→ Data shown:
******
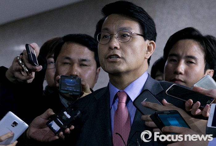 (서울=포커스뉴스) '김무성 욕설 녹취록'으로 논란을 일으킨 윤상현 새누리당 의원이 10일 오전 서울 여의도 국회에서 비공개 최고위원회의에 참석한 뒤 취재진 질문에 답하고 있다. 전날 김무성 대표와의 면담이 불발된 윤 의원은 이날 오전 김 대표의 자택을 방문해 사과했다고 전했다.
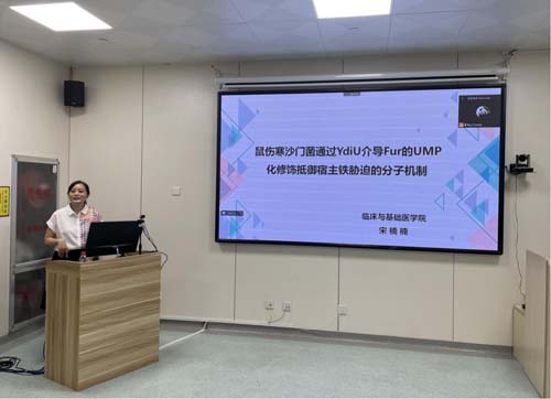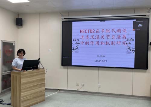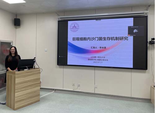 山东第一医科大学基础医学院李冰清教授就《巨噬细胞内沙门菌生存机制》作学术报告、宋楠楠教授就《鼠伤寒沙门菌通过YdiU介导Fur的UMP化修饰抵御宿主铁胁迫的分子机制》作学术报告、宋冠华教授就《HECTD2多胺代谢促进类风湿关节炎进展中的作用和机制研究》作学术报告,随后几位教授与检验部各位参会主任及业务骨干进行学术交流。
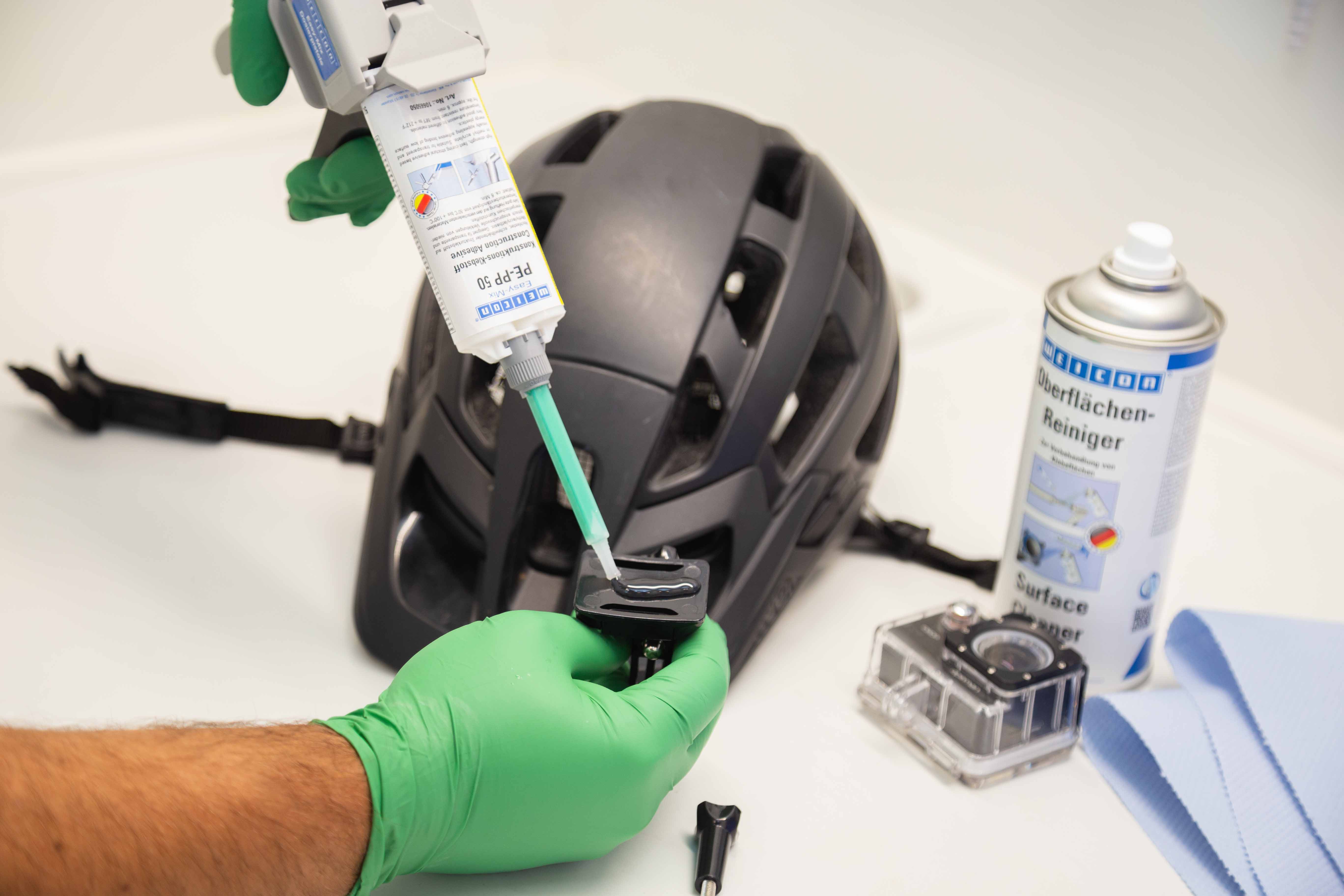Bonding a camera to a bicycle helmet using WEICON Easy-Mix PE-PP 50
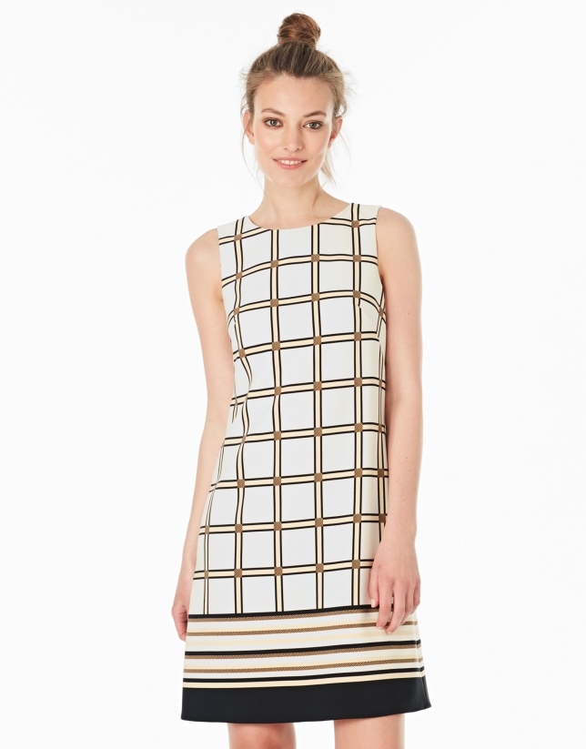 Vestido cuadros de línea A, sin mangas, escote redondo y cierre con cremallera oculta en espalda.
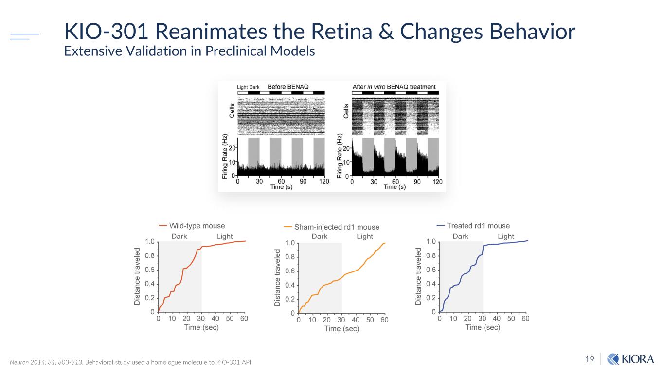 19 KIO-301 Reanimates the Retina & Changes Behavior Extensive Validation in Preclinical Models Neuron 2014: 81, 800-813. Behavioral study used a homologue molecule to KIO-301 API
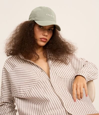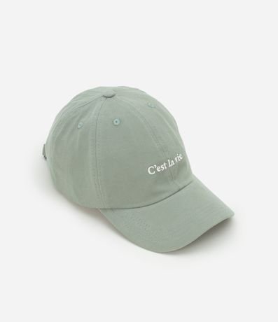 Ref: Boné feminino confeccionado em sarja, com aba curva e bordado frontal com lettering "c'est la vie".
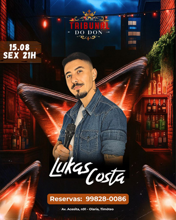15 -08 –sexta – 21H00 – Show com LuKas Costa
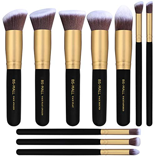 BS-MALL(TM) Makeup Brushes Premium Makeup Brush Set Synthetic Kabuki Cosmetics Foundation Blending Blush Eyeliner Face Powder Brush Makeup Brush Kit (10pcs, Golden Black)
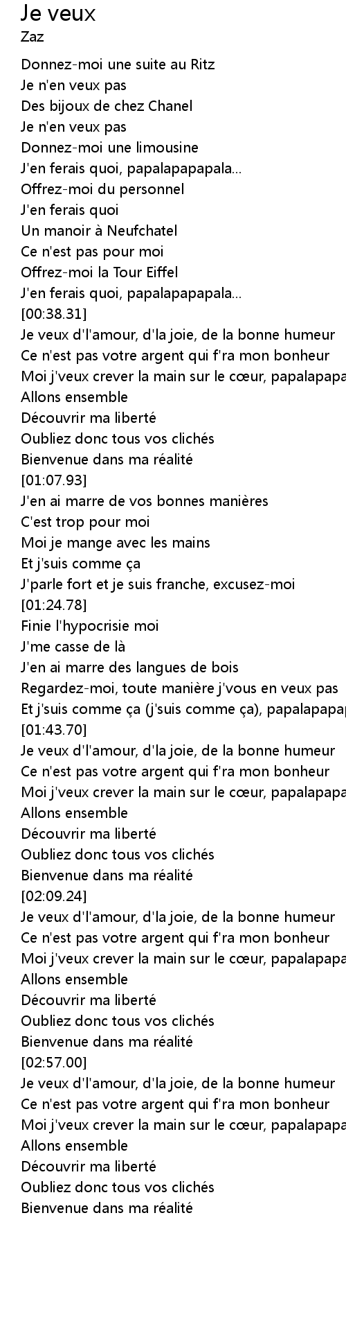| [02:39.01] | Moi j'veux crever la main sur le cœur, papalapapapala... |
******
→ Your objective:
Once the line holding "Vestido cuadros de" is found, set it down along with every line after it through the end of the entries, exactly, leaving the pictures out.

→ Response below:
 Vestido cuadros de línea A, sin mangas, escote redondo y cierre con cremallera oculta en espalda.
 19 KIO-301 Reanimates the Retina & Changes Behavior Extensive Validation in Preclinical Models Neuron 2014: 81, 800-813. Behavioral study used a homologue molecule to KIO-301 API
 Ref: Boné feminino confeccionado em sarja, com aba curva e bordado frontal com lettering "c'est la vie".
15 -08 –sexta – 21H00 – Show com LuKas Costa
 BS-MALL(TM) Makeup Brushes Premium Makeup Brush Set Synthetic Kabuki Cosmetics Foundation Blending Blush Eyeliner Face Powder Brush Makeup Brush Kit (10pcs, Golden Black)
| [02:39.01] | Moi j'veux crever la main sur le cœur, papalapapapala... |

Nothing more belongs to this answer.